Depending on the configuration set in config, the module will be
optimized, recorded, or passed through.
This wrapper can be used in place of a torch module, and will behave
identically to the original module.
Parameters:
    
        - 
          
module
              (Module)
          –
          
         
        - 
          
name
              (Optional[str], default:
                  None
)
          –
          
         
        - 
          
input_mapping
              (Optional[Callable], default:
                  None
)
          –
          
            function to map module inputs to the expected input.
           
         
        - 
          
output_mapping
              (Optional[Callable], default:
                  None
)
          –
          
            function to map module outputs to the expected output.
           
         
        - 
          
forward_func
              (Optional[str], default:
                  None
)
          –
          
            forwarding function name used by the module, if None, the module call is used.
           
         
        - 
          
batching
              (Optional[bool], default:
                  None
)
          –
          
            enable or disable batching on first (index 0) dimension of the model
           
         
        - 
          
precision
              (PrecisionType, default:
                  'fp32'
)
          –
          
         
        - 
          
model_path
              (Optional[Union[str, Path]], default:
                  None
)
          –
          
            optional path to ONNX or TensorRT model file, if provided the model will be loaded from the file instead of converting
           
         
    
  Note
  batching if specified takes precedence over corresponding values in the
configuration specified in nav.profile.
 
  Example
  
import torch
import model_navigator as nav
model = torch.nn.Linear(10, 10)
model = nav.Module(model)
 
        Initialize Module.
                  
                    Source code in model_navigator/inplace/wrapper.py
                     | def __init__(
    self,
    module: "torch.nn.Module",
    name: Optional[str] = None,
    input_mapping: Optional[Callable] = None,
    output_mapping: Optional[Callable] = None,
    timer: Optional[Timer] = None,
    forward_func: Optional[str] = None,
    batching: Optional[bool] = None,
    precision: PrecisionType = "fp32",
    model_path: Optional[Union[str, pathlib.Path]] = None,
) -> None:
    """Initialize Module."""
    super().__init__(module)
    if not isinstance(module, torch.nn.Module):
        raise ModelNavigatorUserInputError("Only torch modules are supported.")

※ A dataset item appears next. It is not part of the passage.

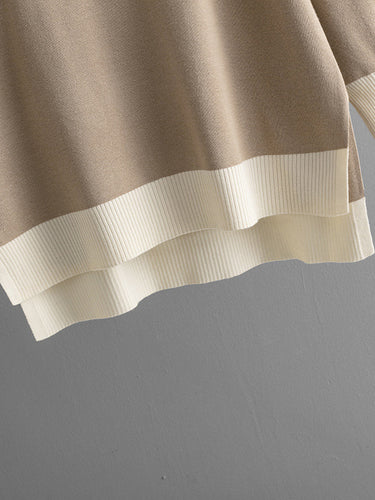 High-Low-Kontrast Farbfarbe geteiltes V-Heck-Pullover Tops + Elastizitätshose Zwei Stücke Set Set

    self._name = name or get_object_name(module)
    self._input_mapping = input_mapping or (lambda x: x)
    self._output_mapping = output_mapping or (lambda x: x)
    self._optimize_config = None
    if timer:
        self.add_timer(timer=timer)
    else:
        self._module_timer = None
    current_forward = None
    if forward_func:
        try:
            current_forward = getattr(module, forward_func)

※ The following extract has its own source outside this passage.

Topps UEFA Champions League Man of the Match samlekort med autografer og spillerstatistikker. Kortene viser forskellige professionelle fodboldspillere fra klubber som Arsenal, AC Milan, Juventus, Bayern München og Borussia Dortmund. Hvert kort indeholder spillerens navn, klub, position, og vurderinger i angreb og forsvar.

        except AttributeError as e:
            raise ModelNavigatorUserInputError(f"Forward method must exist, got {forward_func}.") from e
        setattr(module, forward_func, lambda *args, **kwargs: Module.__call__(self, *args, **kwargs))
    self.batching = batching
    self.precision = precision
    if isinstance(model_path, str):
        self.model_path = pathlib.Path(model_path)
    else:
        self.model_path = model_path
    if self.model_path is not None and self.model_path.suffix not in [
        ".onnx",
        ".plan",
    ]:  # pytype: disable=attribute-error
        raise ModelNavigatorUserInputError(
            f"model_path must be either ONNX or TensorRT model file with .onnx or .plan extension, got {self.model_path}."
        )
    self._device = get_module_device(module) or torch.device("cpu")
    self._wrapper = RecordingModule(
        module,
        # OptimizeConfig(),
        self._name,
        self._input_mapping,
        self._output_mapping,
        forward=current_forward,
    )
    module_registry.register(self._name, self)
  | 
 
                   
  
            is_optimized
  
      property
  
    
        Check if the module is optimized.
     
 
            is_ready_for_optimization
  
      property
  
is_ready_for_optimization
 
    
        Check if the module is ready for optimization.
     
 
            optimize_config
  
      property
      writable
  
    
 
            wrapper
  
      property
  
    
        Return the wrapper module.
     
 
            __call__
__call__(*args, **kwargs)
 
    
        Call the wrapped module.
This method overrides the call method of the wrapped module.
If the module is already optimized it is replaced with the optimized one.
            
              Source code in model_navigator/inplace/wrapper.py
               | def __call__(self, *args, **kwargs) -> Any:
    """Call the wrapped module.
    This method overrides the __call__ method of the wrapped module.
    If the module is already optimized it is replaced with the optimized one.
    """
    if self._module_timer and self._module_timer.enabled:
        with self._module_timer:
            output = self._wrapper(*args, **kwargs)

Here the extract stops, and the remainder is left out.